Treatment options for NSCLC depend on how far the cancer has spread, the type of NSCLC, and your overall health. Often, doctors will combine multiple treatments. Treatment options include:

  • Surgery. Surgery is the first treatment option in the early stages of all types of lung cancer. Surgery can remove the tumor and surrounding areas of tissue. A surgeon might remove all or part of the affected lung.
  • Ablation. Ablation uses heat to kill cancer cells. It’s an alternative when surgery is not an option.
  • Radiation therapy. Radiation uses energy to kill cancer cells. It can shrink tumors and help treat areas that surgery cannot treat.
  • Chemotherapy. Chemotherapy uses strong medication to kill cancer cells. Doctors recommend chemo when cancer has spread or isn’t responding to radiation. Your type of NSCLC will determine the exact chemo medications you’ll take.
  • Targeted therapy. Targeted therapy uses specialized anticancer medications that attack cancer cells but not healthy cells.
  • Immunotherapy. Immunotherapy teaches your immune system how to fight cancer cells. It can be especially effective when combined with chemotherapy.

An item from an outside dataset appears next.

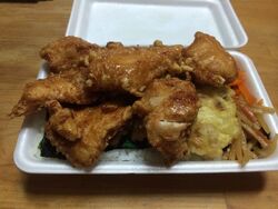 大好きなお弁当屋さんです。たまには違うメニューを…と、思うのですが、「からあげ弁当」を注文しちゃいます。蓋が閉まらないくらい大きいからあげが魅力で、味付けもちょうどよくて、お腹いっぱいの大満足のお弁当です。お昼に食べきれない時は、夜に晩酌のおつまみにして、2度楽しませていただいております(*^^*) (訪問:2020/07/11)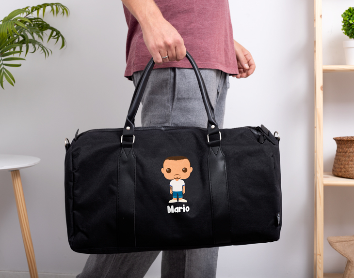 ¿Eres una de esas personas que adora viajar y descubrir nuevos lugares y culturas? Sin duda, tenemos algo que no te puede faltar. Se trata de nuestra bolsa travel “Familia Tinok”, es perfecta para guardar la ropa, el neceser, el calzado… Todo lo necesario para ir siempre bien preparado a los viajes. Y lo mejor de esta bolsa de color negra es que es personalizable. Esto quiere decir que tú eres quien diseña a este personaje Tinok como tú quieras. Hay un montón de accesorios y rasgos diferentes para elegir, seguro que consigues que se te parezca. ¡Tendrás tu propio personaje Tinok! También se puede convertir en un regalo muy original para esos fans de los personajes Tinoks Personalizar esta bolsa de viaje de color negro es súper sencillo. El primer paso a seguir consiste en añadir el producto al carrito y entrar al área de personalización. Una vez ahí, ya puedes crear desde cero a tu avatar Tinok, ¡ya verás qué divertido! Nosotros nos encargamos de todo lo demás. Pronto quedará perfecto y listo para regalar. ¡Un original regalo para viajeros! Altura: 33 centímetros. Ancho: 16,5 centímetros. Largo: 47 centímetros.

According to the American Cancer Society, the overall 5-year survival rate for NSCLC between 2011 and 2017 was 26 percent.

People’s outlook was much better the earlier NSCLC was detected:

  • 64 percent if cancer had not yet spread beyond the lung
  • 37 percent if cancer had spread to nearby parts of the body
  • 8 percent if cancer had spread to distant parts of the body

The type of NSCLC may also affect your outlook. A 2020 study involving more than 500 participants found that people with adenocarcinoma had the longest life expectancy: about 1 month longer than people with squamous cell carcinoma, and 4 months longer than people with large cell carcinoma and other types of NSCLC.

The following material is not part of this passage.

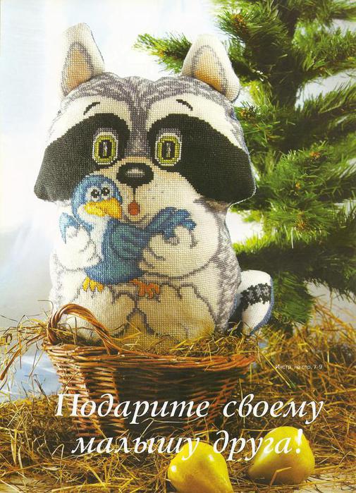 Эта первая детская игрушка, вышитая крестом, которую я увидела. И мне она очень сильно понравилась. Вышивается все на обычной канве, потом делаются по вышивке выкройки, все сшивается и наполняется внутри ватой или поролоном. Не правда ли симпатичный енот? Есть схема вышивки.

Keep in mind that survival rates rely on previous data. As new treatments for NSCLC continue to be researched and implemented, the outlook for people with all types of NSCLC will continue to improve.

If you’ve just received a diagnosis of NSCLC, your outlook may be better.

NSCLC is the most common type of lung cancer. There are several types of NSCLC. The exact type of NSCLC can affect your exact treatment plan.

Treatment for all types of NSCLC is more successful when you receive a diagnosis in an early stage.

Most cases of NSCLC are from smoking cigarettes. If you smoke or have recently quit smoking, you might be eligible for a lung cancer screening.

Most other insurance plans and Medicare will pay for this screening if you’re eligible. Screening can help you find NSCLC early and get treatment before the cancer spreads.